So, repeating myself.
I think it should be made clearer that:
1) The consensus is reached not only in the meeting, but also from the discussion in the mailing list, and because the mailing list has the capability to include a more broader community, it may happen that in the meeting the show-hands show no consensus, but the mailing list weight was "bigger" for the consensus, so the consensus is reached.
2) This means that the chairs MUST NOT take the decision right in the meeting, but have a 2 weeks period to really study the decision.
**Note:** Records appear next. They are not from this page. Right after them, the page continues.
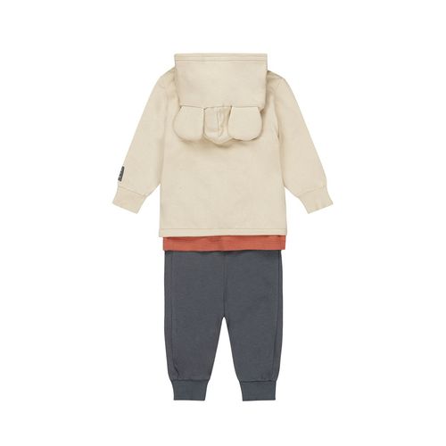 This charming 3-piece jogging set keeps your little explorer cozy and stylish. The navy hooded cardigan features adorable animal friends and contrasting cream accents, layering perfectly over the coordinating rust-toned long-sleeve tee with shoulder snaps for easy dressing. Soft, stretchy cotton pants with an elastic waistband and cuffs round out the playful ensemble. Designed for active toddlers who love to move, this mix-and-match set offers comfort and character in every wear.
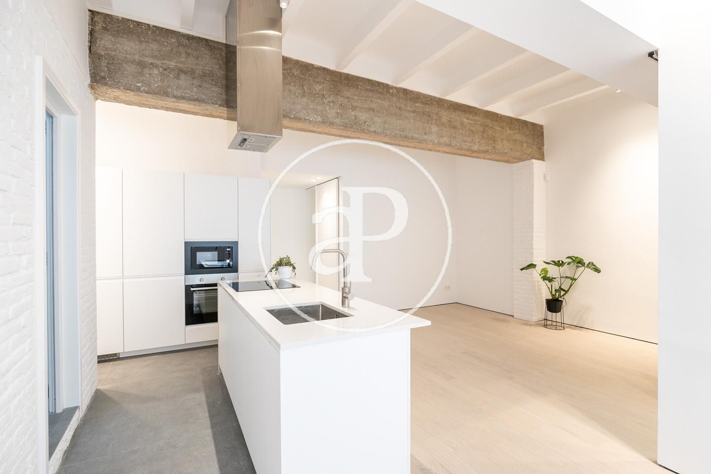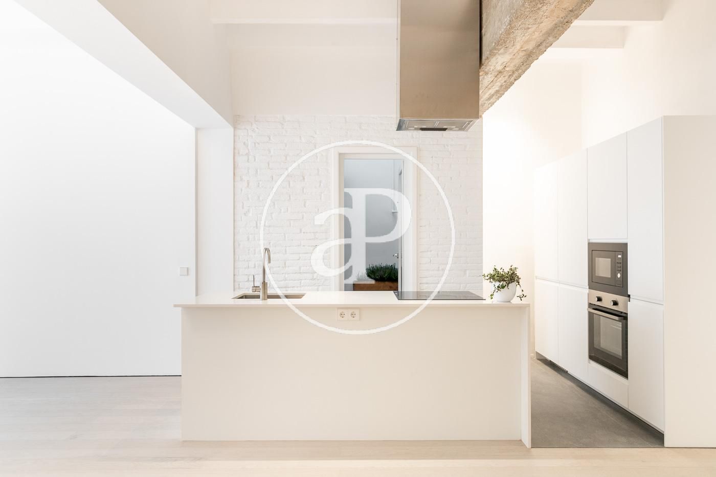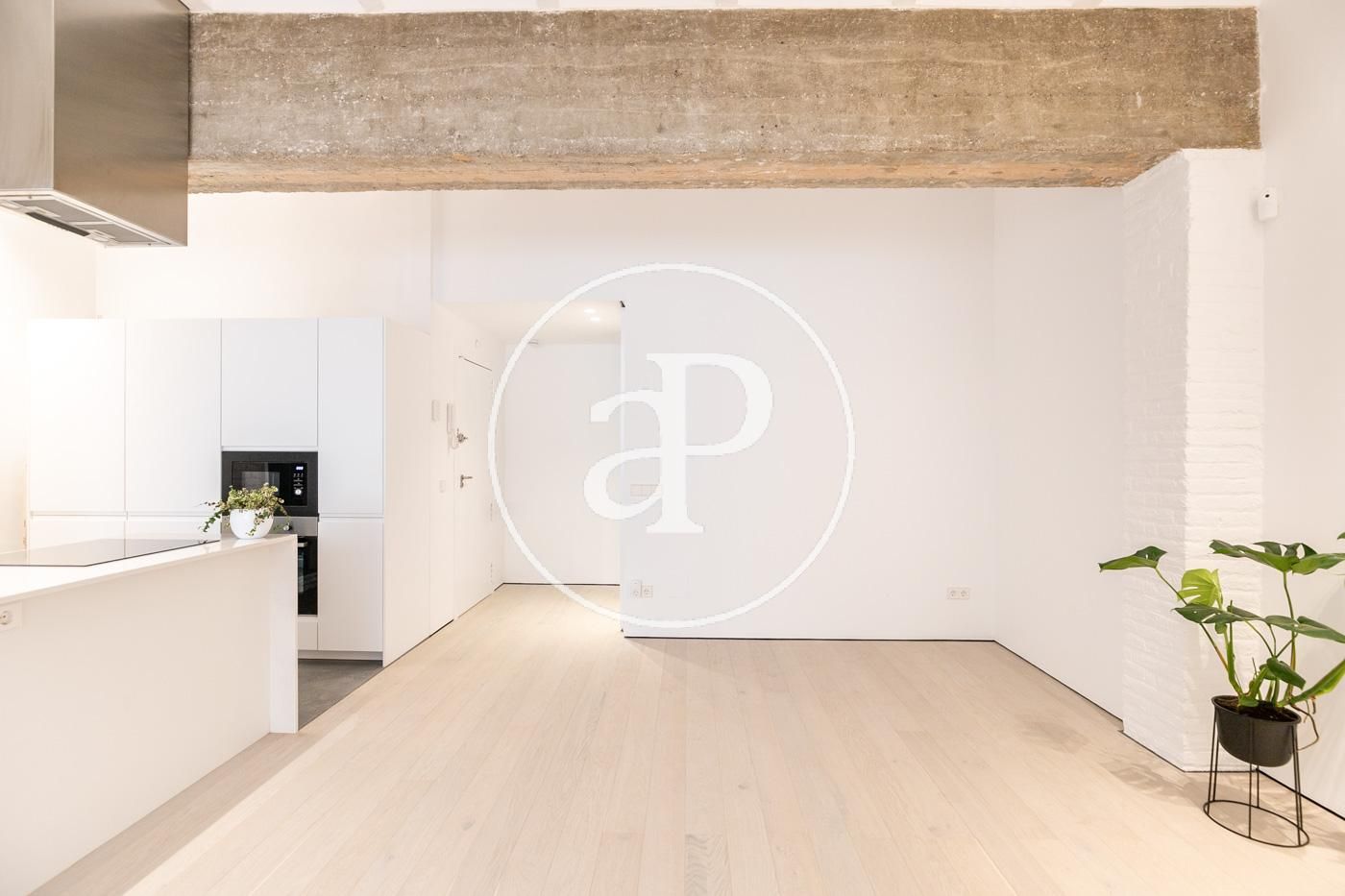 La propiedad, de 80m2 construidos, exterior y con orientación noroeste, destaca por su luminosidad. Se ha reformado integralmente con materiales de calidad, combinando elementos originales con un toque industrial con un diseño moderno y actual.
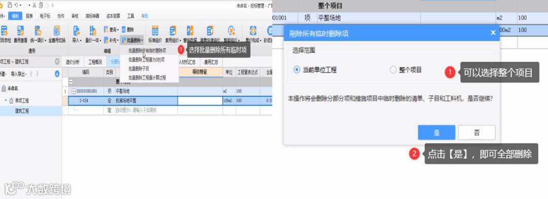 点击分部分项界面,点击批量删除,选择【删除所有临时删除项】,在弹出的对话框中选择整个项目,点击是即可。
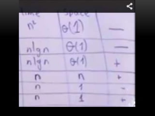 • time complexity: n lg(n) + אם גם עובוד אלגוריתם
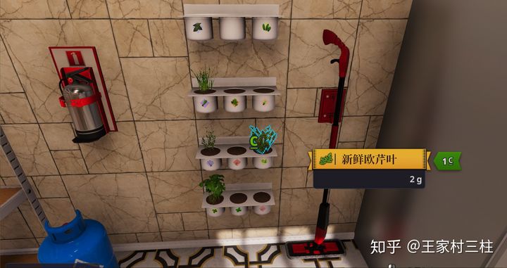 点缀用的蔬菜、灭火器、煤气罐及拖把
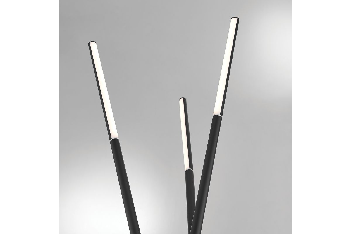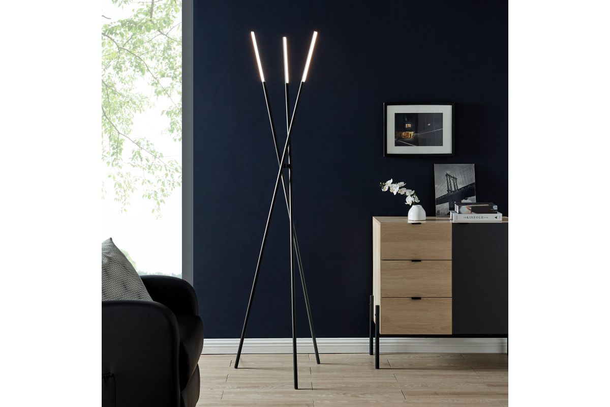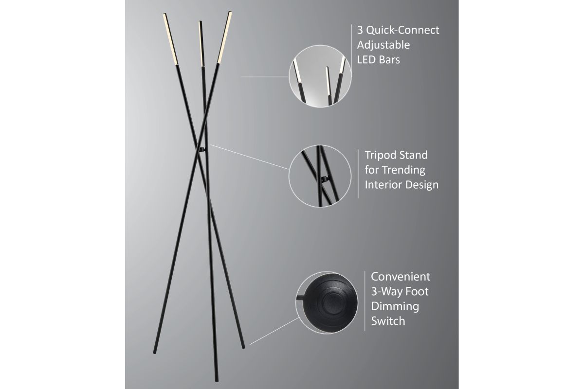 Despite its minimalist design, the bright 3-lights LED tripod floor lamp will be the focal point of any space. It features a metallic finish over metal construction, topped by an aluminum and acrylic diffusers, but the prominent feature is its sleek and wispy-thin silhouette. Convenient foot switch provides 4-way dimming lighting control. It's an eye-catching design that looks great in a modern living space or a home entertainment room.
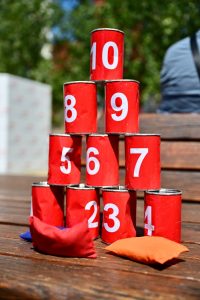 Spaß haben sie und die anderen Familienmitglieder am Montag beim Wurf- und Geschicklichkeitsspiel Leitergolf. Dabei muss man mit aneinandergebundenen Bällen die Sprossen eines Leitergestells treffen. Bleiben die Bälle an der obersten Sprosse hängen, gibt es drei Punkte. In der Mitte sind es zwei und landet der Ball unten, erhält man einen Punkt. „Die Kinder können das einzeln oder in Teams spielt“, erklärt eine Animateurin. Zwei oder drei Personen sind immer vor Ort und bereit, Informationen zu den Spielen zu liefern und bei Bedarf Hilfe anzubieten.

This is the way we are doing in RIPE and also will be from now on in LACNIC.
I've developed for LACNIC for a PDP change proposal which reached consensus the last week, a definition of both, consensus and last-call, which may be helpful here.
Definition of ‘Consensus’
Achieving ‘consensus’ does not mean that proposals are voted for and against, nor that the number of ‘yes's’, ‘no's’ and ‘abstentions’ – or even participants – are counted, but that the proposal has been discussed not only by its author(s) but also by other members of the community, regardless of their number, and that, after a period of discussion, all critical technical objections have been resolved.
In general, this might coincide with a majority of members of the community in favor of the proposal, and with those who are against the proposal basing their objections on technical reasons as opposed to ‘subjective’ reasons. In other words, low participation or participants who disagree for reasons that are not openly explained should not be considered a lack of consensus.
Objections should not be measured by their number, but instead by their nature and quality within the context of a given proposal. For example, a member of the community whose opinion is against a proposal might receive many ‘emails’ (virtual or real) in their support, yet the chairs might consider that the opinion has already been addressed and technically refuted during the debate; in this case, the chairs would ignore those expressions of support against the proposal.
For information purposes, the definition of ‘consensus’ used by the RIRs and the IETF is actually that of ‘rough consensus’, which allows better clarifying the goal in this context, given that ‘consensus’ (Latin for agreement) might be interpreted as ‘agreed by all’ (unanimity). More specifically, RFC7282, explains that “Rough consensus is achieved when all issues are addressed, but not necessarily accommodated.”
The purpose of the ‘last call’ is to provide the community with a brief and final opportunity to comment on the proposal, especially to those who didn’t do so earlier. Consequently, during this period editorial comments may be submitted and, exceptionally, objections if any aspect is discovered that was not considered in the discussion prior to determining consensus. Any new objections must also be substantiated and must therefore not be based on opinions lacking a technical justification.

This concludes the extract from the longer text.